SURYA.co.id - Publik kembali mempertanyakan netralitas hukum di Indonesia.
Kali ini, sorotan tajam tertuju pada penanganan kasus yang menjerat dua tokoh nasional, Hasto Kristiyanto dan Thomas Trikasih Lembong.
Banyak yang menyebut ada aroma politisasi hukum, terutama karena keduanya dikenal vokal terhadap kekuasaan.
Feri Amsari, pakar hukum tata negara dari Universitas Andalas, memberikan pandangan kritis mengenai polemik ini.
Dalam sebuah diskusi publik di Kompas Petang (Sabtu, 2 Agustus 2025), Feri menyebut wajar jika publik mengendus kepentingan politik di balik proses hukum yang berlangsung.
Ia menyoroti bahwa amnesti dan abolisi adalah hak prerogatif presiden yang rawan ditarik-tarik ke ranah politis.
Baca juga: Rekam Jejak Ray Rangkuti yang Tepat Prediksi Hasto Kristiyanto Tak Lagi Jabat Sekjen PDIP
Terlebih, pemberian amnesti biasanya terjadi dalam konteks pemberontakan atau pelanggaran berat terhadap negara.
Ketika pengampunan diberikan pada tokoh yang justru kritis terhadap kekuasaan, kecurigaan pun mencuat.

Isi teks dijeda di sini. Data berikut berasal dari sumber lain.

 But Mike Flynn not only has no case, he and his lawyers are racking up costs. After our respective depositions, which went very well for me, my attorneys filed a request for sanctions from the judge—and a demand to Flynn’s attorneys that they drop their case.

Di sinilah titik silang antara hukum dan politik kembali menjadi sorotan publik.
Menurut Feri, sejarah Indonesia mengenal amnesti dan abolisi sebagai bagian dari mekanisme pengampunan negara.

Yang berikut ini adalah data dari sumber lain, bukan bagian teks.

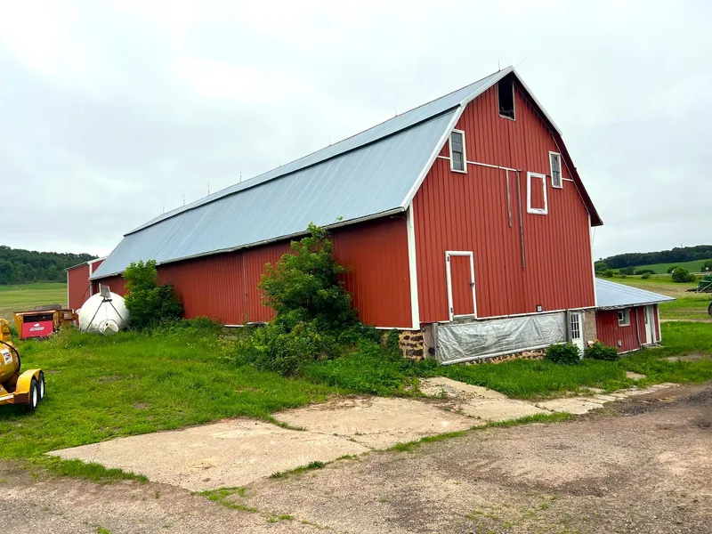 Calling investors/entrepreneurs! This property offers great exposure along west bound I94 near Hixton WI. Surrounded by local ag fields this property nestles nicely in to the rolling farm country of western WI. The dead end road location leads one to a surveyed 3+ acre former working farm site. One realizes a quaint 2 bed 1 bath home with full basement. Basement has a 3/4 bath with laundry area. This property boasts expansive out buildings including a pole shed, machine shed, open sided hay shed/loafing barn and large barn! Consider a hobby farm or a potential business endeavor. Limited animal usage. Being sold As Is. Recent landscaping done to divert water from foundation. Taxes are approximate. Buyer/agents be sure to verify all pertinent information. Measurements are approximate. Silos and improvements south of red property line in aerial photo have been razed. Aerial photo is approxi...

Biasanya, kebijakan tersebut menyasar mereka yang dianggap melakukan tindakan makar, kudeta, atau kejahatan luar biasa terhadap negara.
Namun dalam kasus ini, konteksnya berbeda.

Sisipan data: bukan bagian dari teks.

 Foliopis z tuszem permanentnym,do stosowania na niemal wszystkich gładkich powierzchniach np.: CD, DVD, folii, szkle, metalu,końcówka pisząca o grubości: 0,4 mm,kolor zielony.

Hasto, misalnya, dikenal sebagai tokoh politik yang kerap bersuara kritis terhadap kebijakan pemerintahan sebelumnya.
Baca juga: 2 Tokoh Eks KPK yang Nyinyiri Kebijakan Prabowo Beri Amnesti Hasto Kristiyanto, Ada Novel Baswedan
Begitu pula Tom Lembong, yang tengah mengajukan banding atas putusan hukum yang dinilainya janggal.
"Publik wajar curiga, sebab ini soal prerogatif presiden yang bisa ditarik ke wilayah politik. Tapi justru karena itu, kita bertanya: kalau pelakunya adalah presiden sendiri, kenapa harus memberi amnesti? Logikanya tidak nyambung," ujar Feri.